Iringa Region (Mkoa wa Iringa) is one of Tanzania's 31 administrative regions. The region covers an area of 35,503 km2. The region is comparable in size to the combined land area of the nation state of Guinea Bissau. Iringa Region is bordered to the east by Morogoro Region and south by Njombe Region. On the west the region is bordered by Mbeya Region. Dodoma Region and Singida Region border Iringa on the north. The regional capital is the city Iringa for which the city is named after. According to the 2022 census, the region has a total population of 1,192,728. Iringa Region is home to Ruaha National Park, Tanzania's second national largest park.

==Geography==
The elevation of Iringa varies from 900 to 2,300 meters above sea level. A significant scarp that can reach 800 meters in height and is the eastern portion of the Great Rift Valley surrounds the area on all sides. Iringa is hence situated in Tanzania's southern highlands, bordering Mbeya, Njombe, Morogoro, Dodoma, and Singida areas.

The region is drained by the Little Ruaha and the Great Ruaha rivers. The lake created by the Mtera Dam is the other significant water body here.
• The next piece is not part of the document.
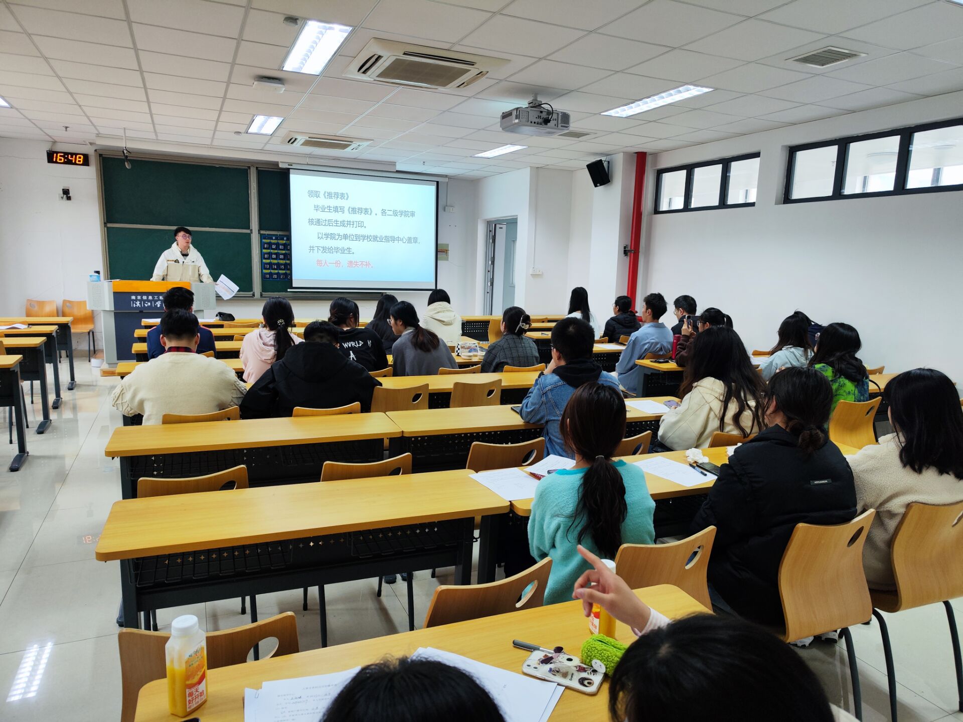 会议最后,毕业班辅导员董磊详细讲解了毕业生就业流程,就三方协议和劳动合同的签订、毕业生档案的转寄、五险一金的缴纳等同学们热切关注的问题作了解答。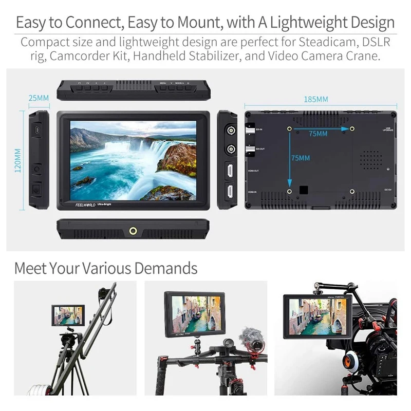 [Легкий дизайн, легко монтируется] компактный размер и легкий дизайн 365g идеально подходят для Steadicam, DSLR rig, камкордера, ручного стабилизатора и крана видеокамеры. VESA 75 монтажных отверстий Установите в задней части, чтобы прикрепить монитор к прочному креплению при необходимости.

The region can be divided into three zones - highland, midland and lowland. The highland zone is towards the east of the region. This area experiences a rainy season between November and May with annual precipitation ranging from 500–1500 mm. The period between June and September is cold and dry. The midland zone, in the central part of the region, lies at a height of 1200–1600 m above sea level and faces between 600–1000 mm of rain every year. Finally, the lowland zone, at a height of 900–1200 m gets between 500–600 mm of rain per annum.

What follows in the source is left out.